Problem statement: A copy of the listing below is needed, exact in every line and without images.

Given information START

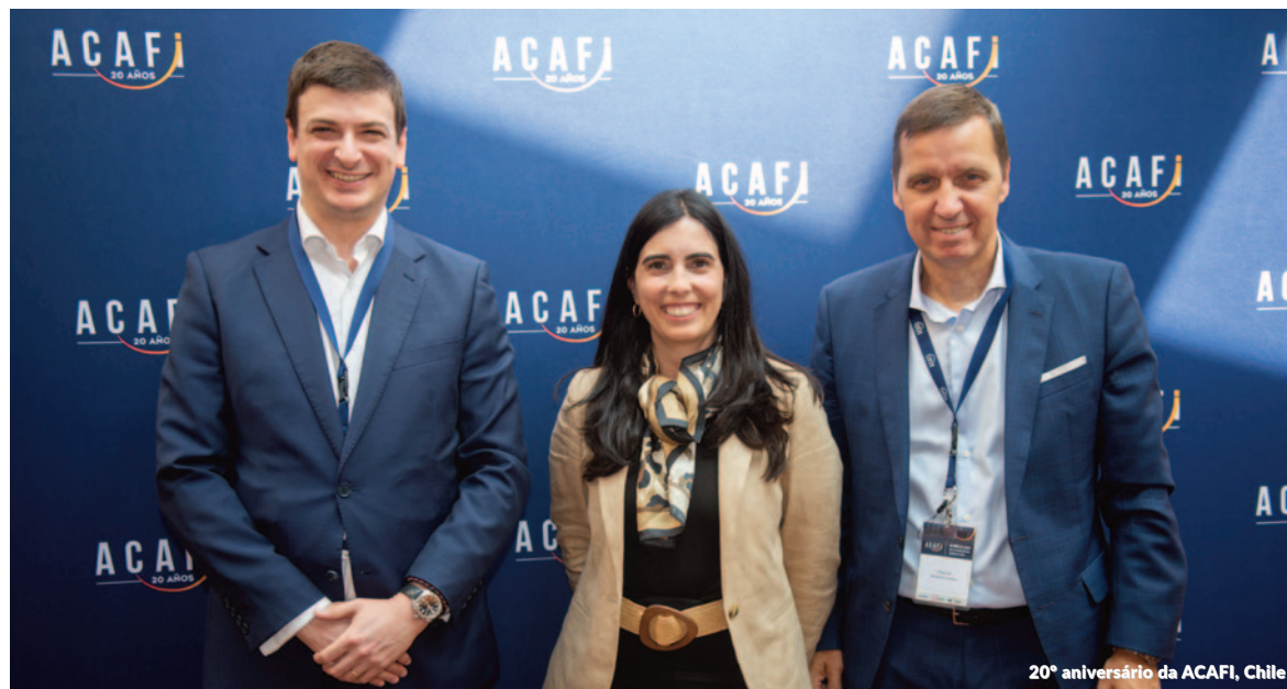
20º aniversário da ACAFI, Chile

Durante a sessão, a Firma participou do painel "Alinhando esforços de resiliência em todas as unidades de negócios para garantir operações contínuas durante crises", que destacou a importância da criação de estratégias de resposta a crises, a necessidade de uma mentalidade organizacional focada na resiliência, a realização de exercícios de crise e a importância de uma estratégia digital sólida baseada na melhoria contínua.
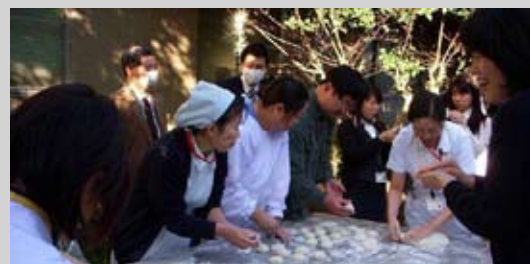
12月26日(金)、職員でもちつきをしました。できあがった鏡餅は各病棟に飾られました。

Given information END

Exercise output:
20º aniversário da ACAFI, Chile

Durante a sessão, a Firma participou do painel "Alinhando esforços de resiliência em todas as unidades de negócios para garantir operações contínuas durante crises", que destacou a importância da criação de estratégias de resposta a crises, a necessidade de uma mentalidade organizacional focada na resiliência, a realização de exercícios de crise e a importância de uma estratégia digital sólida baseada na melhoria contínua.
12月26日(金)、職員でもちつきをしました。できあがった鏡餅は各病棟に飾られました。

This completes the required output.